→ THE DATA
______________________________

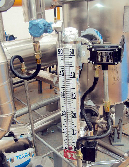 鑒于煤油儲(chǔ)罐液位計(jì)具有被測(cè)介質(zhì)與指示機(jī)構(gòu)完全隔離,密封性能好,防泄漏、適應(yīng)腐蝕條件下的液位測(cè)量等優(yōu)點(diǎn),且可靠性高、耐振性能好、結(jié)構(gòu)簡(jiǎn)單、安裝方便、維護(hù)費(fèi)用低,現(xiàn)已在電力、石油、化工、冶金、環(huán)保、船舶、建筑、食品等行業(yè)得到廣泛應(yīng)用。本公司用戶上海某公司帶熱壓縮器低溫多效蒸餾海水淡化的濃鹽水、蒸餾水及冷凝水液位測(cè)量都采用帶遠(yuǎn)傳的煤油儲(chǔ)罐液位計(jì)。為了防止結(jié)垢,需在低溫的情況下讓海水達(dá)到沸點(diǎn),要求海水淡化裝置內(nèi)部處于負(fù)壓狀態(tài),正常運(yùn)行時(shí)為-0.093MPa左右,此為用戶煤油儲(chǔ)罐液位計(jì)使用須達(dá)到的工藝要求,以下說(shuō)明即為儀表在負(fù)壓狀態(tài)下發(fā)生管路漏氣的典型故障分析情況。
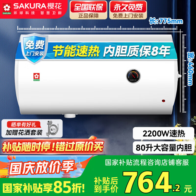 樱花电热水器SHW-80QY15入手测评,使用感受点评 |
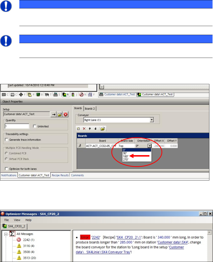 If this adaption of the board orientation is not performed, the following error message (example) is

______________________________

→ PROBLEM TO WORK ON
Please set down the whole listing above exactly and skip every picture.

→ RESPONSE TO THE TASK
 鑒于煤油儲(chǔ)罐液位計(jì)具有被測(cè)介質(zhì)與指示機(jī)構(gòu)完全隔離,密封性能好,防泄漏、適應(yīng)腐蝕條件下的液位測(cè)量等優(yōu)點(diǎn),且可靠性高、耐振性能好、結(jié)構(gòu)簡(jiǎn)單、安裝方便、維護(hù)費(fèi)用低,現(xiàn)已在電力、石油、化工、冶金、環(huán)保、船舶、建筑、食品等行業(yè)得到廣泛應(yīng)用。本公司用戶上海某公司帶熱壓縮器低溫多效蒸餾海水淡化的濃鹽水、蒸餾水及冷凝水液位測(cè)量都采用帶遠(yuǎn)傳的煤油儲(chǔ)罐液位計(jì)。為了防止結(jié)垢,需在低溫的情況下讓海水達(dá)到沸點(diǎn),要求海水淡化裝置內(nèi)部處于負(fù)壓狀態(tài),正常運(yùn)行時(shí)為-0.093MPa左右,此為用戶煤油儲(chǔ)罐液位計(jì)使用須達(dá)到的工藝要求,以下說(shuō)明即為儀表在負(fù)壓狀態(tài)下發(fā)生管路漏氣的典型故障分析情況。
 樱花电热水器SHW-80QY15入手测评,使用感受点评 |
 If this adaption of the board orientation is not performed, the following error message (example) is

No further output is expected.